Dr. Vitaly Shmatikov

(University of Texas, Austin)

"Building Privacy-Preserving Systems: What Works, What Doesn't, and What Is To Be Done"

(Vortrag im Rahmen der "Distinguished Lecture Series" des "Max Planck Instituts für Software-Systeme")

Every time you touch a computer, you leave a trace. Sensitive information about you can be found in the remnants of visited websites and voice-over-IP conversations on your machine;
in the allegedly "de-identified" data about your purchases, preferences, and social relationships collected by advertisers and marketers; and, in the not-too-distant future, in the video and audio feeds gathered by sensor-based applications on mobile phones, gaming devices, and household robots.
This talk will describe several research systems developed at UT Austin that aim to provide precise privacy guarantees for individual users. These include (1) the Airavat system for differentially private data analysis, (2) the "Eternal Sunshine of the Spotless Machine" system that runs full-system applications in private sessions and then erases all memories of their execution from the host, and (3) "A Scanner Darkly" system that adds a privacy protection layer to popular vision and image processing libraries, preserving the functionality of sensor-based applications but preventing them from collecting raw images of their users.

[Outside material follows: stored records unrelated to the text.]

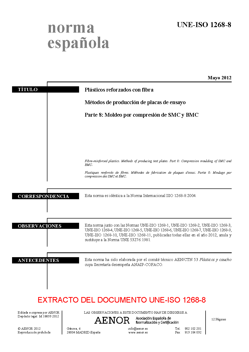 | Publisher | Asociacion Espanola de Normalizacion y Certificacion (AENOR) |
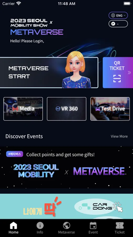 A mobile app that implements the Seoul Mobility Show as a metaverse and allows visitors to experience various exhibition contents such as various new cars and future mobility in a 3D virtual space.
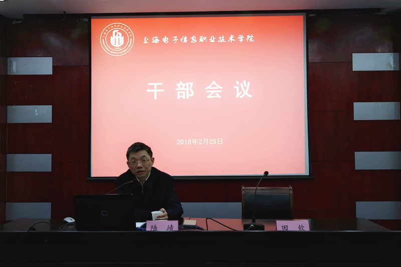 2018年2月24至25日,学校在徐汇校区106报告厅召开了干部会议,特邀上海市教育委员会主任陆靖、上海市委党校梅丽红教授、中国职业教育学会副会长、上海教科院高职研究中心主任马树超教授、上海市教委高...
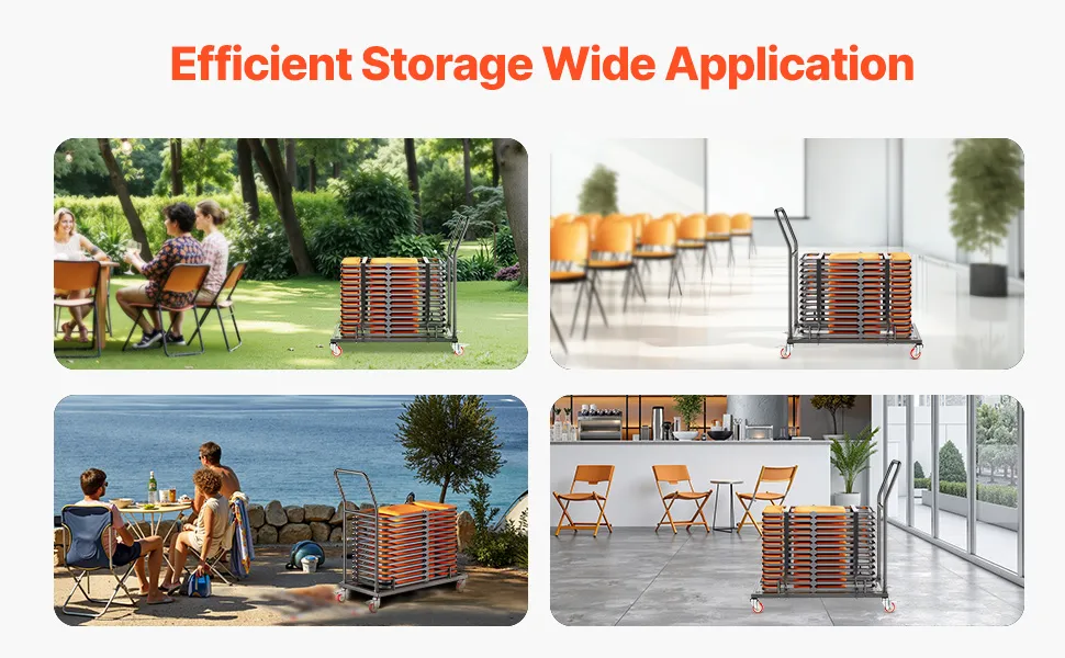 Vielseitige Einsatzmöglichkeiten: Das multifunktionale Klappstuhlgestell ist ein unverzichtbares Hilfsmittel für Kirchen, Gemeindezentren, Schulen, Unterhaltungseinrichtungen, Schulungs- und Konferenzräume. Es erleichtert mühelos das Bewegen, Anordnen und Aufbewahren von Esszimmerstühlen und hilft Ihnen, wertvolle Zeit und Energie zu sparen.
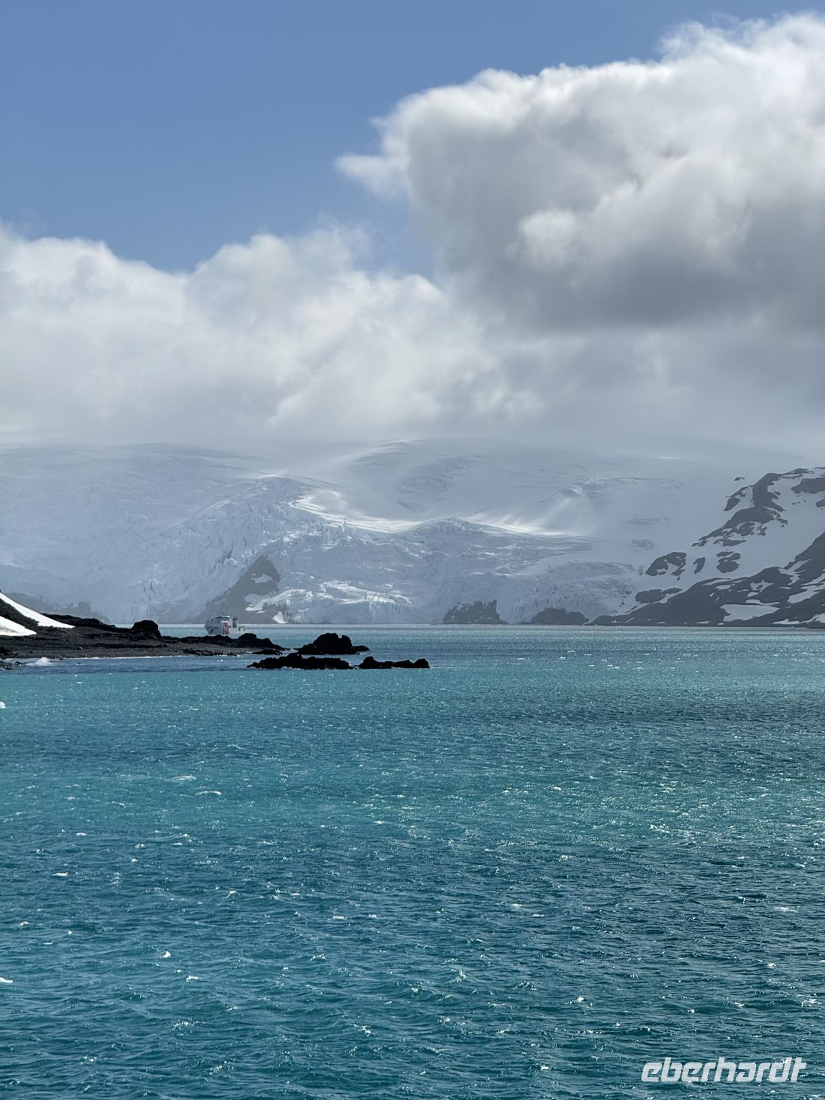Unser Navigieren in der Antarktis glich einem ständigen Crescendo wie eine schöne Melodie, immer in der Steigerung von Emotionen und schönen Eindrücken. Und wie bei einer musikalischen Komposition schlossen wir im Höhepunkt ab, atemlos vor dem Gletscher der Admiralty Bay. Das Präludium zu unserer Ankunft war wunderschön, aber das Privileg, den Gletscher auf Augenhöhe zu sehen, mit einer Sonne, die die Farben Weiß, Blau und Türkis hervorhebt, ist einfach wunderbar. Und als wir glaubten, schon alles gesehen zu haben, hört das Leben nicht auf uns zu überraschen, und dieses Mal war es mit dem Geschenk eines Prozesses, der vor 400 Jahren begann. Vor uns löste sich ein großes Stück Eis vom Gletscher und wurde Teil des Meeres. Wir setzten unsere Fahrt mit dem Wetter auf unserer Seite und unbeschreiblichen Landschaften zu beiden Seiten fort. Alles lief wie am Schnürchen, jedoch ist das Wetter das Wetter und die Natur ist unvorhersehbar. Und als wäre das nicht genug, prophezeite die Drake-Passage vor uns einen aufgepeitschten Wellengang, der uns am Nachmittag tatsächlich überraschte. So ging die Fahrt weiter und wiegte unser neues und riesiges Zuhause. Aber wir, bereits als geweihte Seeleute, ließen uns davon einfach nur einlullen.
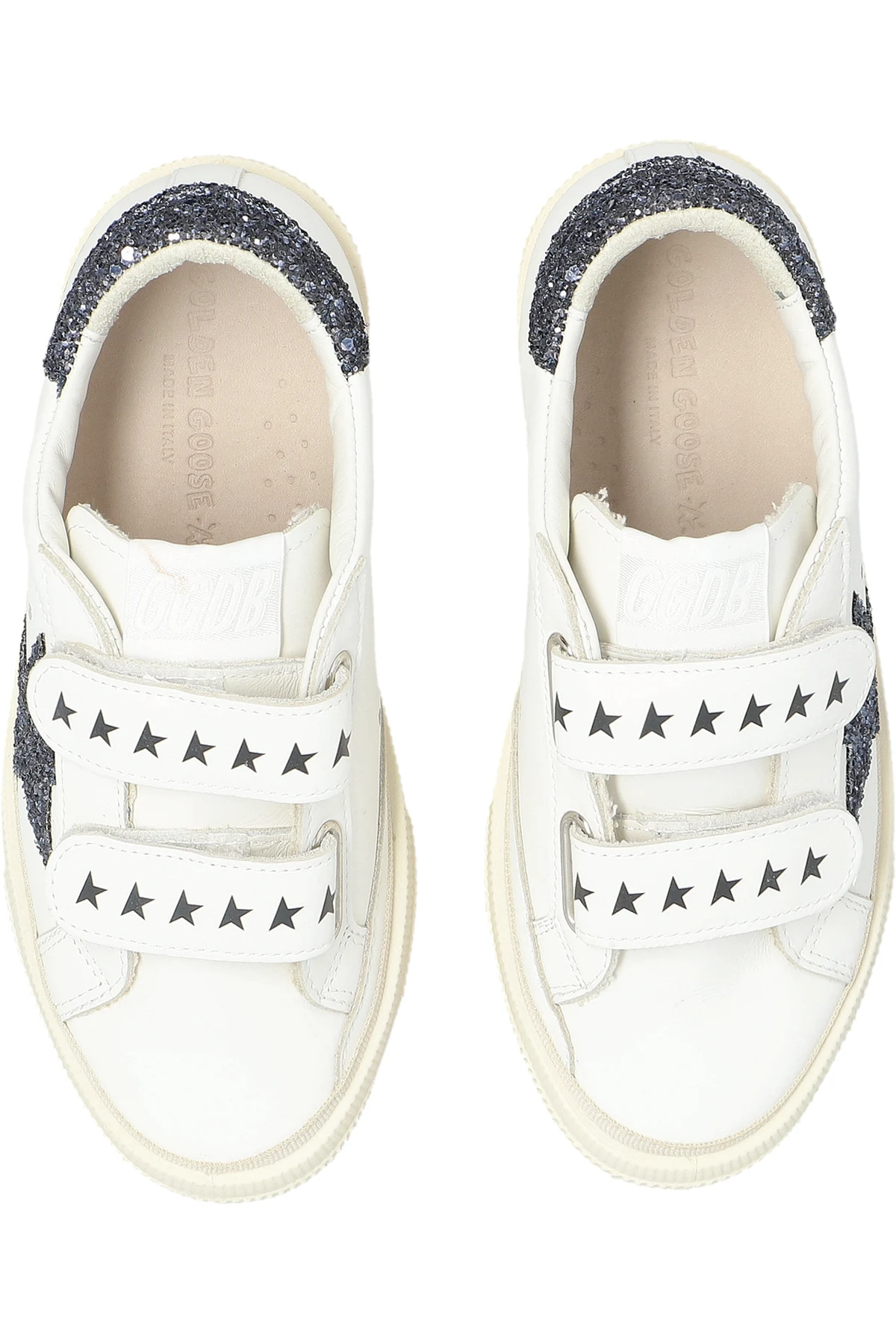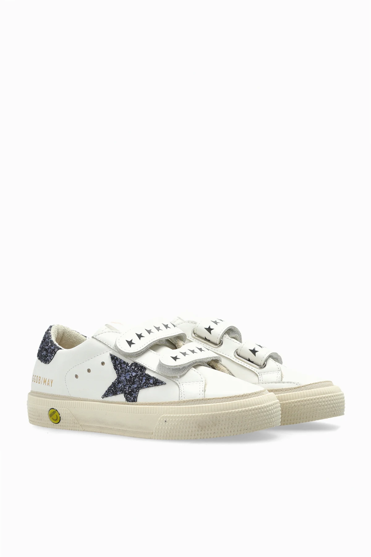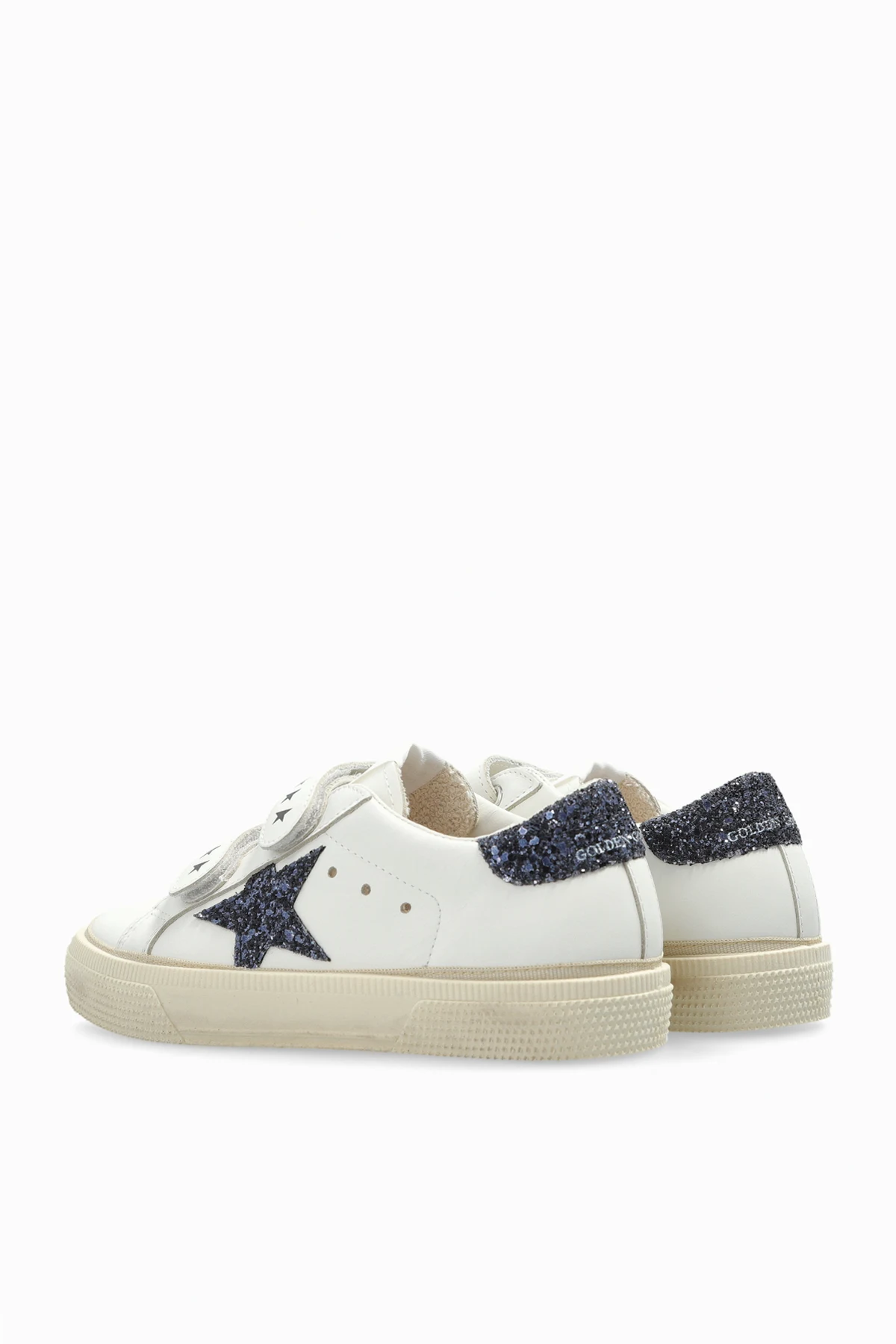 Introducing the ‘May School’ Sneakers by Golden Goose Kids — a consummate fusion of playful sophistication and refined Italian craftsmanship. These low-profile sneakers boast a timeless round toe, sculpted white sole, and a pristine leather upper that radiates effortless elegance. Accented with Golden Goose’s signature large star in shimmering navy glitter along the outer side, and enriched by coordinating glitter at the heel, these shoes capture the youthful spirit of the brand. The dual wide hook-and-loop straps, adorned with whimsical black star graphics, ensure easy and secure closure, while the golden “GGBDMAY” signature subtly partners with the design as a symbol of exclusivity. Lined with soft fabric for maximum comfort, set on a resilient rubber sole, and highlighted by the unique, artfully distressed finish, these sneakers stand as an iconic statement of style and individuality. Why choose this product? Exquisite premium leather exterior with artisanal details Iconic star motif and vintage-inspired, intentionally distressed look Secure, easy-to-use velcro closures for convenience Luxurious comfort, ideal for dynamic everyday wear Authentic designer signature with each pair

Bio: Vitaly Shmatikov is a faculty member at the University of Texas at Austin, where he works on computer security and privacy. After getting his PhD from Stanford and before joining UT, he worked at SRI on formal methods for analyzing security protocols.

Zeit: Donnerstag, 17.01.2013, 11.00 Uhr
Ort: MPI-SWS Gebäude Kaiserslautern 49, Raum 206
Hinweis: Der Vortrag wird live zum MPI-SWS Gebäude Saarbrücken, Wartburg, 5. Etage übertragen.